(DATA SHOWN)

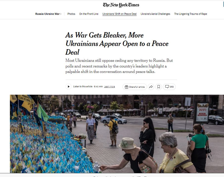 «Результаты опросов общественного мнения и недавние заявления лидеров страны демонстрируют ощутимый сдвиг в дискуссии о мирных переговорах – от «никаких договорённостей ни при каких обстоятельствах» к «возможному компромиссу в будущем». В конце июля опрос Киевского международного института социологии показал, что почти треть украинцев готова уступить России часть территории, чтобы положить конец боевым действиям. Это втрое больше, чем всего год назад. Разительнее всего взгляды переменились на юге страны. Более половины респондентов заявили в опросе Киевского института, что поддерживают сдачу территорий. Лишь 46% выступили решительно против любых уступок. Для сравнения, год назад этого мнения придерживались целых 86% жителей региона (куда входят Днепропетровск, Запорожье, Николаев, Херсон и Одесса)», – пишет автор статьи Ким Баркер (Kim Barker).
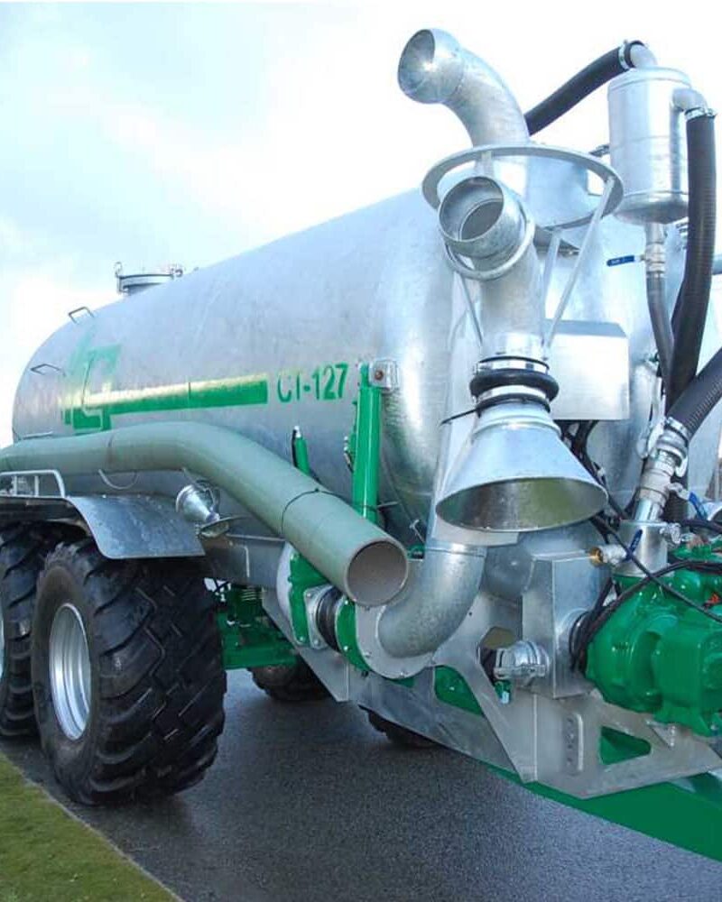| CT127 | 12.700 L | 2 axles of 90# 8 studs. Track 2000. Brake 350x60 | 4 tires 550/60-22,5 Flotation | 1.800 mm Ø | 2.350 mm | 5.530 (tank) 7.060 (total) | 4.000 kg | 18.000 kg | 2.500 kg |
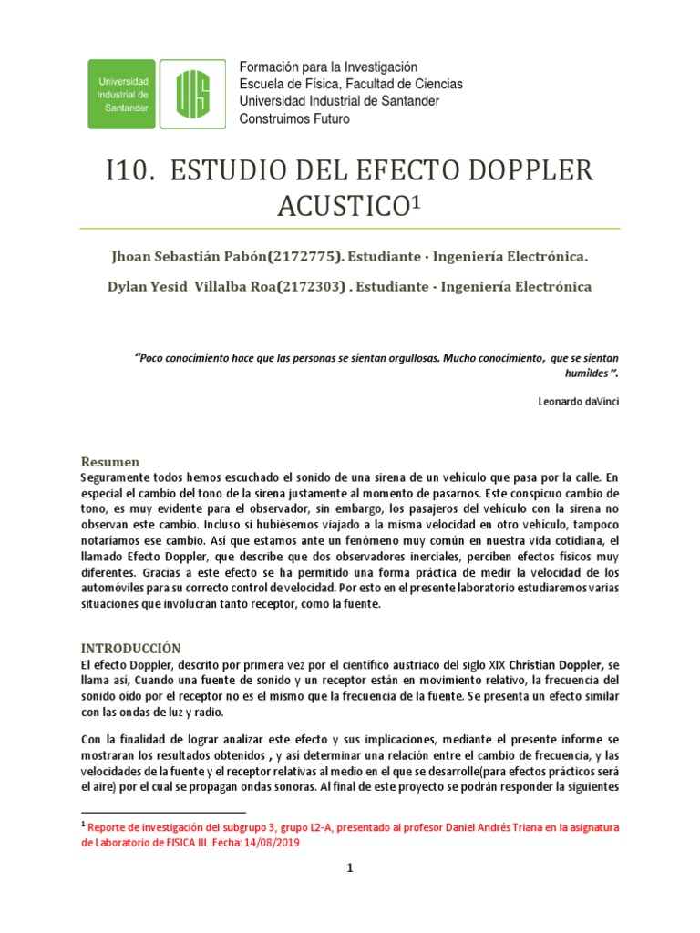 I10. ESTUDIO DEL EFECTO DOPPLER
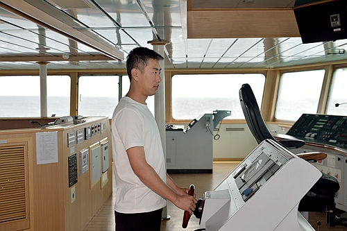 水手姜春明正在操舵

(End DATA SHOWN)

▶ BRIEF: Restate word for word, and only, the lines from the line that contains "kg | 2.500 kg |" through the end of the data, both included; pictures are not part of the copy.

▶ YOUR SOLUTION:
| CT127 | 12.700 L | 2 axles of 90# 8 studs. Track 2000. Brake 350x60 | 4 tires 550/60-22,5 Flotation | 1.800 mm Ø | 2.350 mm | 5.530 (tank) 7.060 (total) | 4.000 kg | 18.000 kg | 2.500 kg |
 I10. ESTUDIO DEL EFECTO DOPPLER
 水手姜春明正在操舵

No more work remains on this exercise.